IC garante que vai investir mais na protecção dos sítios históricos da Rota Marítima da Seda

0
43

Leong Wai Man, presidente do Instituto Cultural (IC), discursou ontem no encerramento do Fórum Cultural sobre a Rota Marítima da Seda e assinalou que a candidatura à lista do Património Cultural Mundial é uma iniciativa que “pode contribuir, em grande medida, para a mobilização dos jovens estudantes de Macau no sentido de quererem conhecer e apreciar, ainda mais, a história e a cultura da China”. A responsável assegurou ainda que o IC irá investir cada vez mais para melhorar a protecção e a utilização dos sítios históricos da Rota Marítima da Seda.

Na cerimónia de encerramento do Fórum Cultural sobre a Rota Marítima da Seda, Leong Wai Man destacou Macau enquanto cidade com “uma rica história de intercâmbio multicultural” e com “património diversificado” que faz parte da iniciativa. Macau pode “desempenhar bem o papel de ponte para o intercâmbio e a cooperação em vários temas sobre a Rota Marítima da Seda”, afirmou a presidente do Instituto Cultural (IC).

O Fórum Cultural sobre a Rota Marítima da Seda, que se realizou entre quarta e quinta-feira, centrou-se em temas tais como a “Definição no Âmbito do Espaço e do Tempo da Rota Marítima da Seda”, os “Valores Históricos e Contemporâneos do Património Cultural da Rota Marítima da Seda” e a “Conservação e Utilização Sustentável do Património Cultural da Rota Marítima da Seda”.

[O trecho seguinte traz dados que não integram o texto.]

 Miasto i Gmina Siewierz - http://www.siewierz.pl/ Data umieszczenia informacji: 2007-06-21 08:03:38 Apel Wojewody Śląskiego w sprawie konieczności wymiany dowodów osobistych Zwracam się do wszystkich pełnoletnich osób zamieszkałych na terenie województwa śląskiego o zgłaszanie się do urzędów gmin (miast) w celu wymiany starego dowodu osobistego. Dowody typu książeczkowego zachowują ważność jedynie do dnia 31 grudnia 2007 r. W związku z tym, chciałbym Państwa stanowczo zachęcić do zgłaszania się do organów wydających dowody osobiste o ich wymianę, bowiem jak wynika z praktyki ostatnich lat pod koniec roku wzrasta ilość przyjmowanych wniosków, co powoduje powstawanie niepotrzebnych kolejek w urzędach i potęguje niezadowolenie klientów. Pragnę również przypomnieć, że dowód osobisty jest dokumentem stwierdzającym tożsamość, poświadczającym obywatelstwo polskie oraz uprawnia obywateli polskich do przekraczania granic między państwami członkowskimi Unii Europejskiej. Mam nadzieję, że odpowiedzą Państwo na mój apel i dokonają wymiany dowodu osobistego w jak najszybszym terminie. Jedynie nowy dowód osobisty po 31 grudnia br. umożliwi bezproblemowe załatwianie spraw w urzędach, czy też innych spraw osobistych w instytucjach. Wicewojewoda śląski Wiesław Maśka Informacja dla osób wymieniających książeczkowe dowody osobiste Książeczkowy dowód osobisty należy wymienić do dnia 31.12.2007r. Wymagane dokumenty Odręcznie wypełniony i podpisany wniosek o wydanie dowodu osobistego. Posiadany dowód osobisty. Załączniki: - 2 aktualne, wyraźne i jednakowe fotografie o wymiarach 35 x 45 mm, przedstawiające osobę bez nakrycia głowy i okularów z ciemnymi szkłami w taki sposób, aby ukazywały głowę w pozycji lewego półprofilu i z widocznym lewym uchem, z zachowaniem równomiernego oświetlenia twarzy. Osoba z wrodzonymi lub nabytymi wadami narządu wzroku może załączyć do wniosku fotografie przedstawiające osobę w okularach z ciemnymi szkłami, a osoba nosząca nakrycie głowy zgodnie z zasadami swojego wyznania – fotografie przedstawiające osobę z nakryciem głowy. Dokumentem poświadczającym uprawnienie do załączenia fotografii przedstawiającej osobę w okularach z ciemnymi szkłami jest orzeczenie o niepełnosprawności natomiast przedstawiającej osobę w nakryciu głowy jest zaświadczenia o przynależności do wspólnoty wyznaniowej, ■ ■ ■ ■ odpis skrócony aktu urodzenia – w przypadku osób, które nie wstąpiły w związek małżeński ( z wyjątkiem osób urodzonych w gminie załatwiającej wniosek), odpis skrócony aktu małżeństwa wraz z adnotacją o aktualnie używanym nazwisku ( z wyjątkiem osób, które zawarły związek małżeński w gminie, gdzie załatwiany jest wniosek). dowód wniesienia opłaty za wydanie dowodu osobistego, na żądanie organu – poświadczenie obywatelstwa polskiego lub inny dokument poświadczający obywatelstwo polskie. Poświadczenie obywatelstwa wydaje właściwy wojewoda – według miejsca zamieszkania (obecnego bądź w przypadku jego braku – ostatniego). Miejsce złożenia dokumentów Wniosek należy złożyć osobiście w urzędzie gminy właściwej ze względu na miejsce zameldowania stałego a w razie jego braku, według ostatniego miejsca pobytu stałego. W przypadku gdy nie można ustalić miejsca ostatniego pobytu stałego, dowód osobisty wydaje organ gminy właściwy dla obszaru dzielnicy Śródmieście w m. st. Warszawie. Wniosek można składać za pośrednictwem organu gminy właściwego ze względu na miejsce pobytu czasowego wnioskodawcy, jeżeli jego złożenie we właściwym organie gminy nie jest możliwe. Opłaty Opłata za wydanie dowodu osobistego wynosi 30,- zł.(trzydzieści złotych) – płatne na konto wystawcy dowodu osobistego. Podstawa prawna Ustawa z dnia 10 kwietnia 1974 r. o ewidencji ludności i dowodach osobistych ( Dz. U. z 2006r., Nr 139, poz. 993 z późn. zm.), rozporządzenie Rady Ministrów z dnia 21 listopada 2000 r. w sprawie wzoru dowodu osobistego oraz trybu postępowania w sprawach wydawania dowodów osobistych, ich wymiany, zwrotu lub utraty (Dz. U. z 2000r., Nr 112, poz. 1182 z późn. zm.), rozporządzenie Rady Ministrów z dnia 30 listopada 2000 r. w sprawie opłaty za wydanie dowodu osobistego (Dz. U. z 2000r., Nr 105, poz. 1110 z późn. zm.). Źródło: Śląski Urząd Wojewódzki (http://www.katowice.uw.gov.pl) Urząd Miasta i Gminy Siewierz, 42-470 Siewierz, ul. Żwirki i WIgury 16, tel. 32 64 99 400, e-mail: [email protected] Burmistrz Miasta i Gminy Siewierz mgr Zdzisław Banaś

O fórum, que se realizou no Centro de Ciência de Macau, teve a presença de mais de uma centena de representantes de vários países e regiões – como o interior da China, Hong Kong, Macau, Reino Unido, Austrália, Japão, Coreia do Sul, Indonésia, Sri Lanka, Portugal, Estados Unidos e Bangladesh – bem como instituições patrimoniais internacionais tais como a UNESCO e o ICOMOS.

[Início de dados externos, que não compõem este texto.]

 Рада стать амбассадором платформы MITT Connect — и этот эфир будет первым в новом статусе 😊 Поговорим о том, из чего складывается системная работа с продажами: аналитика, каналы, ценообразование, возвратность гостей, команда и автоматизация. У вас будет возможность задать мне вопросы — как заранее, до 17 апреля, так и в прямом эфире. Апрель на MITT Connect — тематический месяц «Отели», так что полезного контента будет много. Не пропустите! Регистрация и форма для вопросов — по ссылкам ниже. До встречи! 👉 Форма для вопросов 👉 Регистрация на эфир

A iniciativa contou com cerca de 20 rondas de palestras temáticas e discursos. A organização diz que este fórum apresentou Macau como “uma base de intercâmbio e cooperação para promover a coexistência de diversas culturas, sendo a cultura chinesa a predominante”.

Os participantes sublinharam a importância da candidatura para inscrição na Lista do Património Cultural Mundial. Candidatura essa que, na opinião de Leong Wai Man, “pode contribuir, em grande medida, para a mobilização dos jovens estudantes de Macau no sentido de quererem conhecer e apreciar, ainda mais, a história e a cultura da China”.

A presidente do IC garantiu que o organismo vai continuar a desempenhar o papel de órgão de gestão da candidatura da Rota Marítima da Seda para inscrição na Lista do Património Cultural Mundial, “continuando igualmente a investir cada vez mais recursos para melhorar a protecção e a utilização dos sítios históricos da Rota Marítima da Seda, contribuindo activamente desta forma para promover a candidatura da Rota Marítima da Seda para inscrição na Lista do Património Cultural Mundial”.

Macau tem vindo a participar, desde 2015, nos trabalhos para a candidatura, tendo-se agregado, em Maio de 2019, à União das Cidades para a Protecção e Candidatura da Rota Marítima da Seda para Inscrição na Lista do Património Cultural Mundial. “Os organizadores esperam que o Fórum Cultural Internacional sobre a Rota Marítima da Seda possa fortalecer ainda mais o suporte técnico relacionado com a referida nomeação, tendo como base o desenvolvimento de mais investigação académica sobre temas conexos, e promovendo assim um efeito positivo no âmbito da preservação do património cultural, desenvolvimento sustentável urbano, e promoção de Macau como ‘Uma Base'”, lê-se no comunicado de imprensa.